Problem:
Lines before the one holding "The above map" are not wanted. Please copy that line and everything after it to the end of the records, exactly, skipping pictures.

Supplied entries:
======
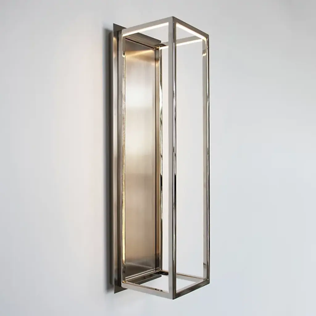 The Stack LED Wall Sconce from Ridgely Studio stacks pure lines and pure light in a versatile architectural design. The sconce’s crafted quality underscores creator Zac Ridgely’s artistic approach to his work. It looks tidy over a column or open wall, mounting with a low-profile steel backplate. When lit, this backplate acts as a canvas for the piece’s warm glow. This glow comes from an LED array that follows the inside edges of the robust steel framework. The indirect ambient light of the LEDs flows out softly, leaving behind a standout rectangular silhouette.
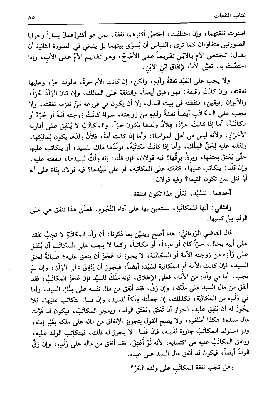 ولا يجب على العَبْد نفقةُ ولَدِهِ، ولكن، إن كانتِ الأم حرةً، فالولد حرٌّ، وعليها نفقته، وإن كانَتْ رقيقة: فهو رقيق أيضاً، والنفقة على المالك، وإن كان الوَلَدُ حُرّاً، والأبوان رقيقين، فنفقته في بيت المال، إلا أن يكون في فروعه مَنْ تلزمه نفقته، ولا يجب على المكاتَبِ أيضاً نفقةُ ولَدِهِ من زوجته، سواءٌ كانَتْ زوجته أمَةً أو حُرَّةً أو مكاتَبَةً، أمَّا إذا كانتْ حرَّةً، فِلأنَّ ولدها يكون حرّاً، والمكاتَبُ لا يُنْفِق على أقاربه الأحْرَارِ، ولأنه ليس من أهل المواساة، وأما إذا كانت أمةً، فلأَنَّ ولدَها يكون لِمَالِكِها، ونفقته عليه لِحَقِّ المِلْك، وأما إذا كانَتْ مكاتَبَةً، فوَلَدُها ملك للسيد، أو يتكاتب عليها حتَّى يَعْتِقَ بعتقها، وَيرِقَّ بِرِقِّها؟ فيه قولان، فإن قلْنا: إنه مِلْكٌ لسيدها، فنفقته عليه، وإن قلْنا: يتكاتب عليها، فنفقته على المكاتبة، أو على سَيِّدها؟ فيه قولان بِنَاءً على أنه لَوْ قبْل لمن تكون القيمة؟ وفيه قولان:
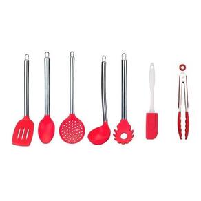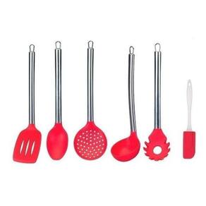 Jogo De Silicone Colher Concha Escumadeira 7 Peças Vermelho Com Cabo de Inox01 Escumadeira com cabo em inox01 Espátulas Pequena com cabo plástico Transparente01 Concha com cabo em inox01 Pegador de Macarrão com cabo em inox01 Colher Arroz com Cabo em Inox01 Espátula Grande com Cabo em inox01 pegador de salada/carnePeças de 15 à 34cm, feitas em silicone com resistência e durabilidade.
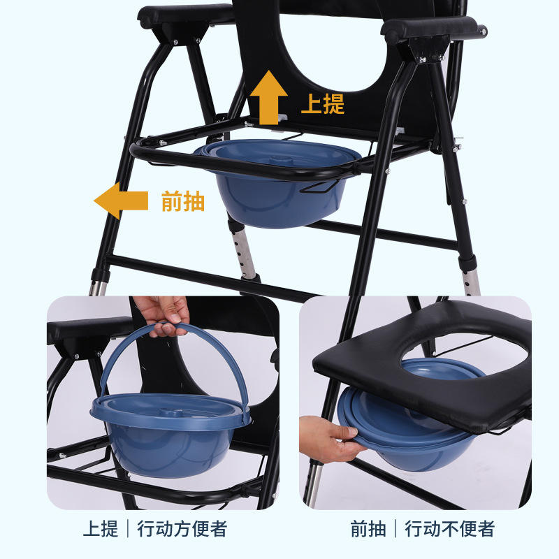 Foldable Commode Chair Adjustable Height 5 Levels Portable Toilet For Elderly And Pregnant Women Hospital Use
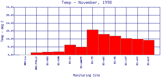 The above map indicates water quality monitoring sites. To view data at a specific site select it from the map with the mouse.
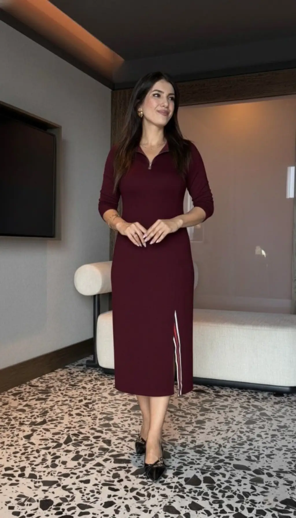 Kadın Uzun Kollu Balıkçı Yaka önden Fermuarlı Yırtmaçlı Midi Viskon Iki Iplik Elbise
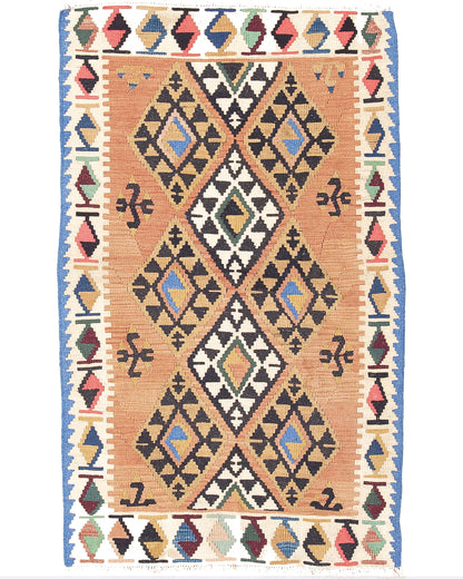 Expertly woven from high-quality wool threads, our Kayseri kilims showcase the craftsmanship that comes from using natural dyes. Each kilim is meticulously crafted on traditional handlooms, ensuring that every piece tells its unique story.
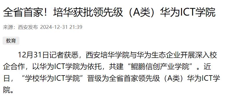 12月31日记者获悉,星空·官方站网页版与华为生态企业开展深入校企合作,以华为ICT学院为依托,共建“鲲鹏信创产业学院”。近日,“学校华为ICT学院”晋级为全省首家领先级(A类)华为ICT学院。
======
Reply:
 The above map indicates water quality monitoring sites. To view data at a specific site select it from the map with the mouse.
 Kadın Uzun Kollu Balıkçı Yaka önden Fermuarlı Yırtmaçlı Midi Viskon Iki Iplik Elbise
 Expertly woven from high-quality wool threads, our Kayseri kilims showcase the craftsmanship that comes from using natural dyes. Each kilim is meticulously crafted on traditional handlooms, ensuring that every piece tells its unique story.
 12月31日记者获悉,星空·官方站网页版与华为生态企业开展深入校企合作,以华为ICT学院为依托,共建“鲲鹏信创产业学院”。近日,“学校华为ICT学院”晋级为全省首家领先级(A类)华为ICT学院。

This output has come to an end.